Visualizations in Fig. 49 show more regular waveforms in the alpha and beta-frequency ranges with higher association for the healthy class and more waveforms in other frequency ranges as well as less regular waveforms with higher association for the pathological class. As examples for the healthy class, plots 1 and 3 show oscillations with a strong alpha component and plots 15-17 show oscillations with strong beta components. For the pathological class, we see slower oscillations, e.g., in plots 53 and 60, and also more irregular waveforms in, e.g., plots 49 and 52.
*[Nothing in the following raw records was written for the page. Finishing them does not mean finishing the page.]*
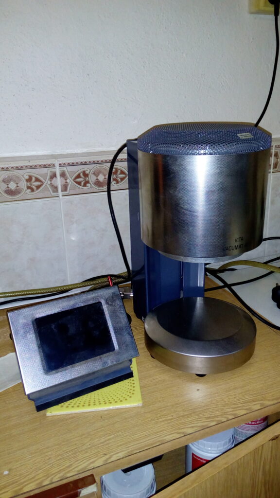 Pieskovač Renfert Basic, Pieskovač Oro, Hydraulický lis,Pec na Keramiku Vita Vakumat T40 ( aj zvyšná keramika Vita VM 13), Artikulátor s tvárovým oblúkom, Orezávač na sadru Renfert MT plus ,Box na brúsenie s ionizátorom, Mikromotor Schick C2 kolenný s tempomatom, Prenosné odsávanie s rozdvojkou Kavo ,Vibrátor, Ostatné náradie a vybavenie na požiadanie.Osobný odber koncom novembra až v decembri.
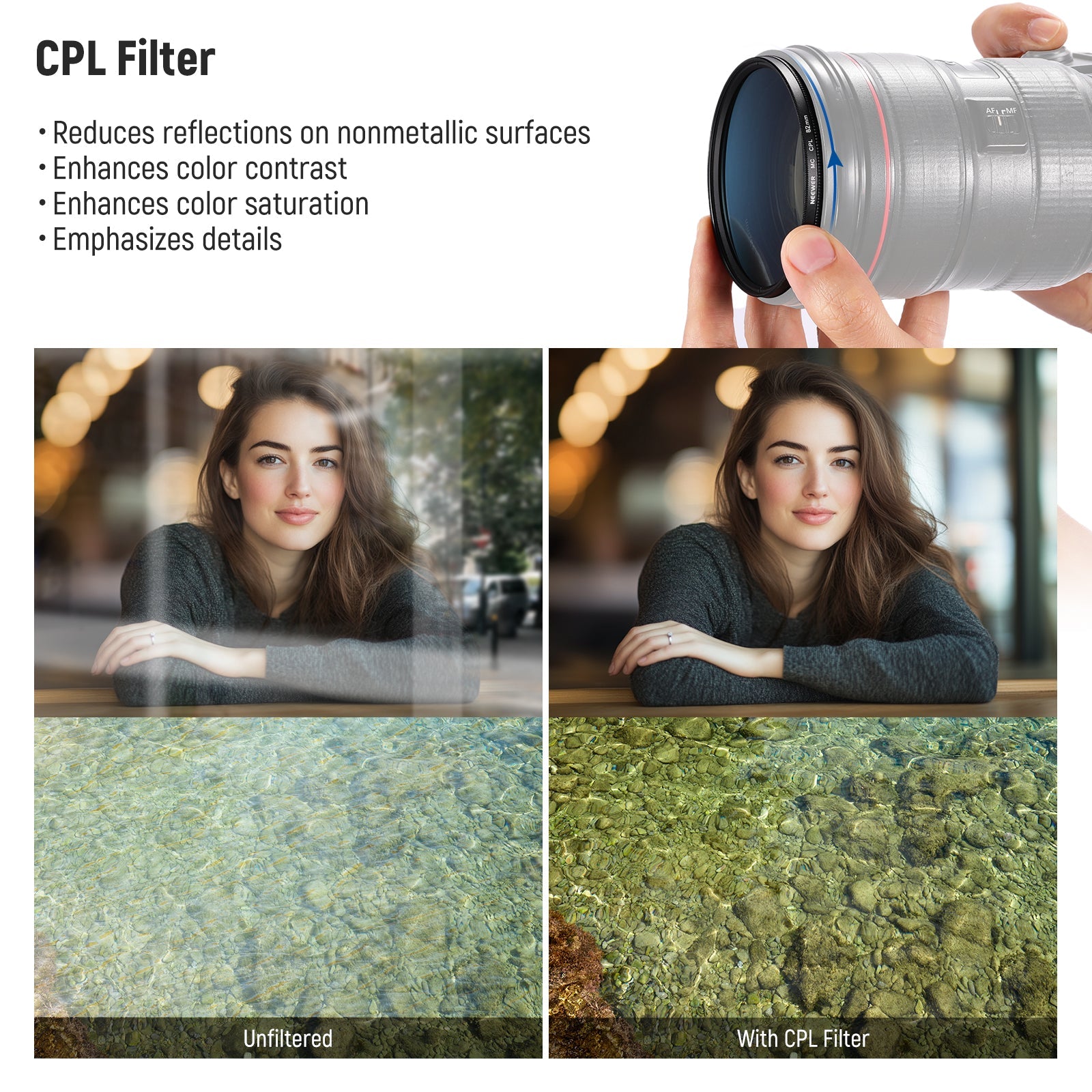 • Filter Types: UV/CPL/ND8
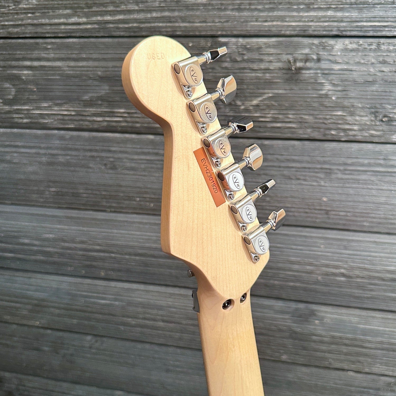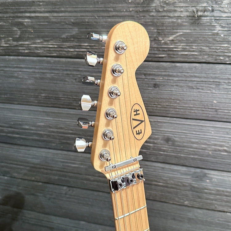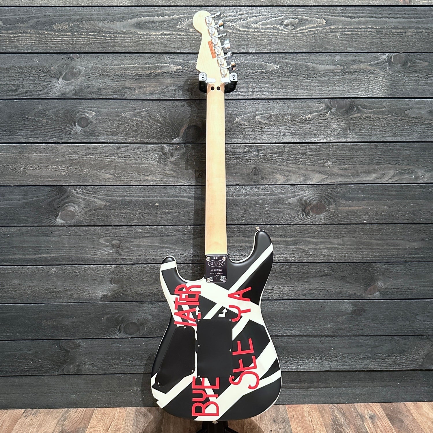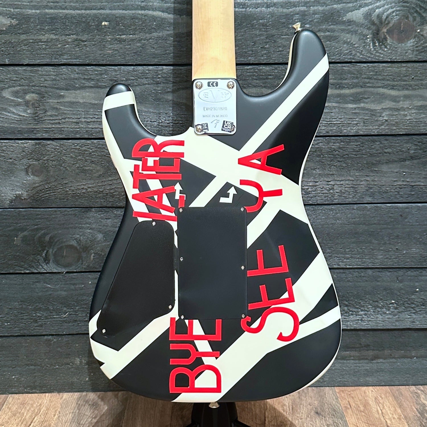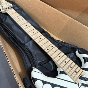 With an otherworldly black-and-white "crop circles" graphic satin finish, the EVH Circles model is without question one of the most distinctively eye-catching guitars in the Striped Series lineup. There's nothing alien about the rest of this high-performance tone machine, though, with its sleek Strat®-like basswood body, rock-solid quartersawn maple neck with oiled finish, fast and smooth compound-radius maple fingerboard (12"-16") with comfortably rolled edges and 22 jumbo frets, a single ferocious EVH direct-mount pickup with single black plastic control knob (master volume), EVH Floyd Rose® bridge and locking nut, and EVH tuners. EVH Striped Series gig bag, included!
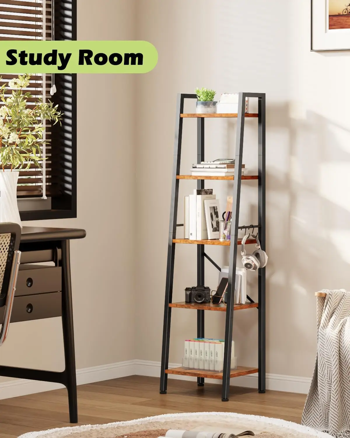[Space-Saving Design] This tall narrow bookshelf occupies only 12.9″D * 11.4″W of floor space with 5 tiers of vertical storage, making it ideal for maximizing tight spaces in any room. [Versatile Storage Solution] Featuring a rustic brown finish with black steel frames, this industrial-style shelf can be used as a study office bookshelf, living room vertical bookshelf, kitchen storage shelves, display shelves, or plant shelves to enhance spaces like living rooms, offices, bedrooms, bathrooms, and balconies. [Multiple Size Options] Choose from 3 sizes: 4 tier, 5 tier (this model), and 6 tier to suit your needs. The vintage style easily matches any furniture decor. Includes 2 hooks for hanging keys, bags, headphones, or other small items to add functionality without monotony. [Sturdy and Stable Construction] Designed with a sturdy frame featuring an X-backboard for added support. Equipped with 4 adjustable feet and an anti-tip kit to ensure durability and stability on various surfaces. [Easy Assembly Process] Comes with all necessary assembly tools and a clear instruction manual. Each accessory is numbered to correspond with the manual steps for straightforward assembly that can be completed quickly by following the instructions step-by-step. [Reliable Customer Support] Our dedicated after-sales team is available to assist with any product-related issues. If you encounter problems after receiving your item, please contact us directly—we are committed to resolving concerns promptly and effectively. Product Dimensions: Depth: 12.9 inches; Width: 11.4 inches; Height: Approximately 53.15 inches.
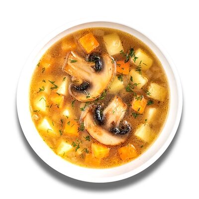 Грибной бульон, свежий картофель, репчатый лук, свежая морковь, перловая крупа, грибы шампиньоны, сметана, зелень
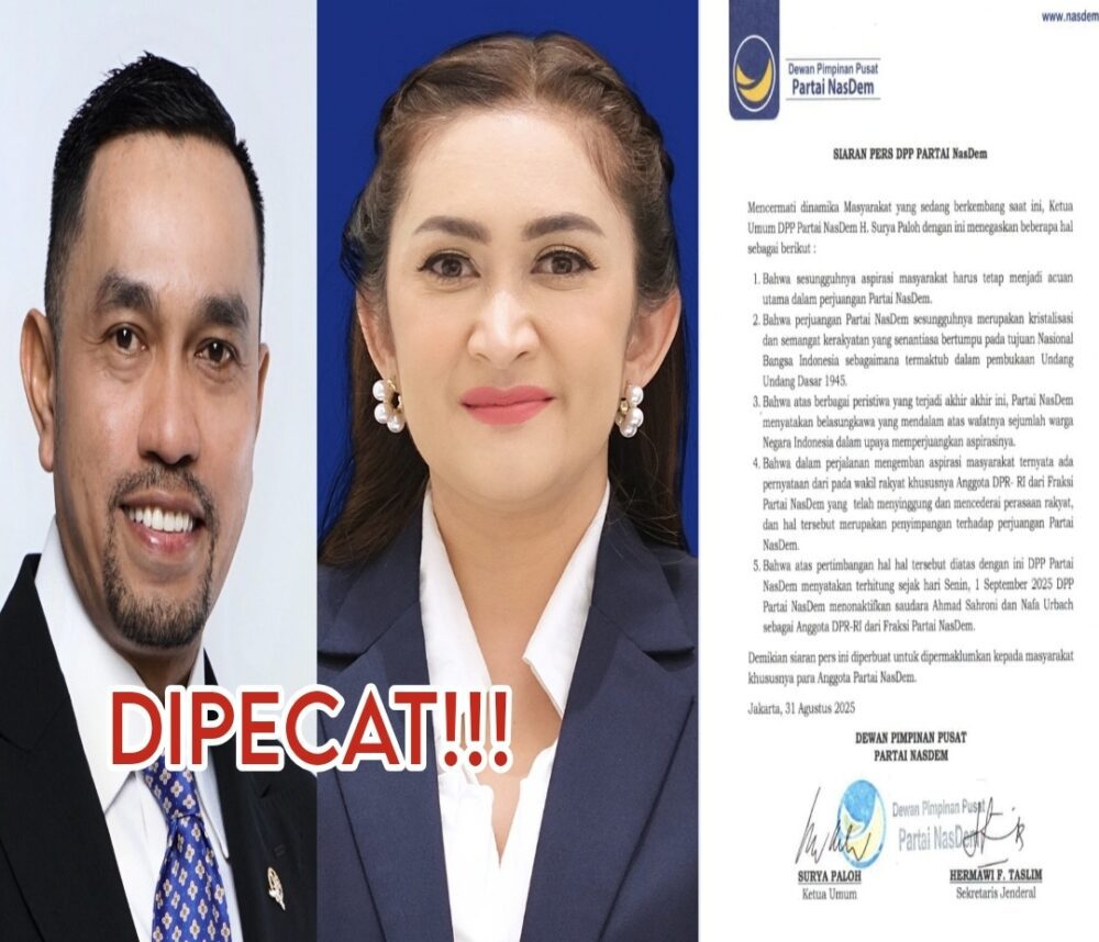 PESAGIRAYA, BANDARLAMPUNG — Ketua Umum Dewan Pimpinan Pusat (DPP)Partai NasDem, melalui siaran Pers DPP Partai Nasdem tertanggal Minggu (30/8/2025) mengumumkan bahwa mencopot Ahmad Sahroni dan Nafa Urbach dari anggota DPR RI fraksi Partai Nasdem. Dalam siaran Pers DPP Partai NasDem, Surya Paloh sebagai Ketua Umum DPP Partai NasDem menegaskan bahwa aspirasi masyarakat harus tetap menjadi acuan utama dalam […]
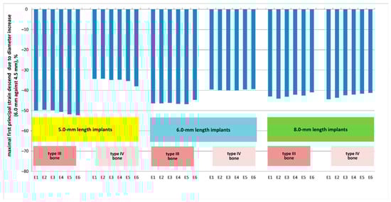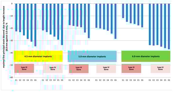 Maximal first principal strain (MFPS) reduction due to the implants’ length increase from 4.5 mm to 6.0 mm for the spectrum of implants placed into bone segments of types III and IV bone.
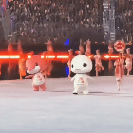这还没完,全运会开幕式上,吉祥物 " 大湾鸡 " 跟随运动队出场再次萌翻全网:
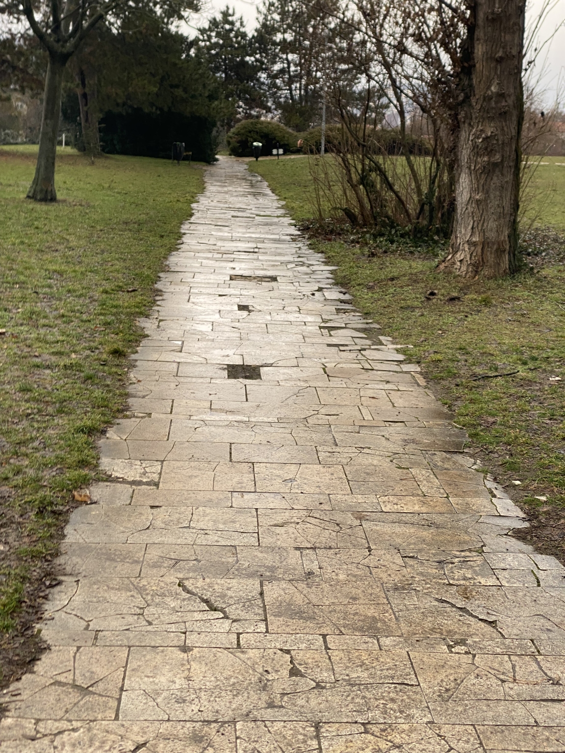 Széttőrt járóburkolat a víztározó környékén

Investigation of Very Low Frequencies#
One surprising observation from the visualizations are differences in the very low frequencies (<=0.5 Hz) between the two class prototypes. For example, the very different mean values in the class prototypes for FP1 and FP2 suggest very low frequency information differs between the two classes on those electrodes. These kinds of differences motivated us to more deeply investigate in how far very low frequency information is predictive of pathology.
EEG-InvNet |
EEG-CosNet |
Fourier-GMM |
---|---|---|
75.4 |
75.0 |
75.4 |
For this, we trained an EEG-InvNet on data lowpassed to be below 0.5 Hz. For the lowpass, we first removed all Fourier components above 0.5 Hz for each recording and also for each 2-second input window for the network. This retained 75.4% accuracy with the EEG-InvNet, indicating even these very low frequencies remain fairly informative about the pathologicality of the recording. We additionally trained the EEG-CosNet with a temporal filter spanning the entire input window length of 2 seconds and found it to retain 75% test accuracy. Finally, we also directly trained a 8-component gaussian mixture model Fourier-GMM in Fourier space. Only 3 dimensions per electrode remain: real value of the 0-Hz component ( summed values of the input window) and real and imaginary value of the 0.5-Hz Fourier component). Each of the 8 mixture components had learnable class weights, how much each mixture component contributed to that classes learned distribution. The Fourier-GMM also retains 75.4% test accuracy. All results are shown in Table 22.
EEG-InvNet Visualizations#
The visualizations of the EEG-InvNet show several interesting features. The class prototypes in Fig. 50 show differences at most electrodes, especially pronounced for A1 and A2. The per-electrode prototypes in Fig. 50 show predictive information in the T3,T4 and T6 electrodes.
EEG-CosNet Visualizations#
Visualization of the EEG-CosNet in Fig. 52 contain strong frontally components associated with the healthy class and components in temporal areas associated with the pathological class. The temporal components are in line with the per-electrode visualization, and the frontal components were already visible as differences in mean signal values in the class prototypes on the original data.
Fourier-GMM Visualizations#
Visualizations of the Fourier-GMM in Fig. 54 again show frontal components associated with the healthy class and other components, with spatial topographies that include temporal areas, associated with the pathological class.
Overall, the visualizations consistently indicate a frontal component predictive for the healthy class and other components, with a spatial topography that often includes temporal and nearby areas, predictive for the pathological class.
Open Questions
What other methods may in the future help understand discriminative features in the EEG signal?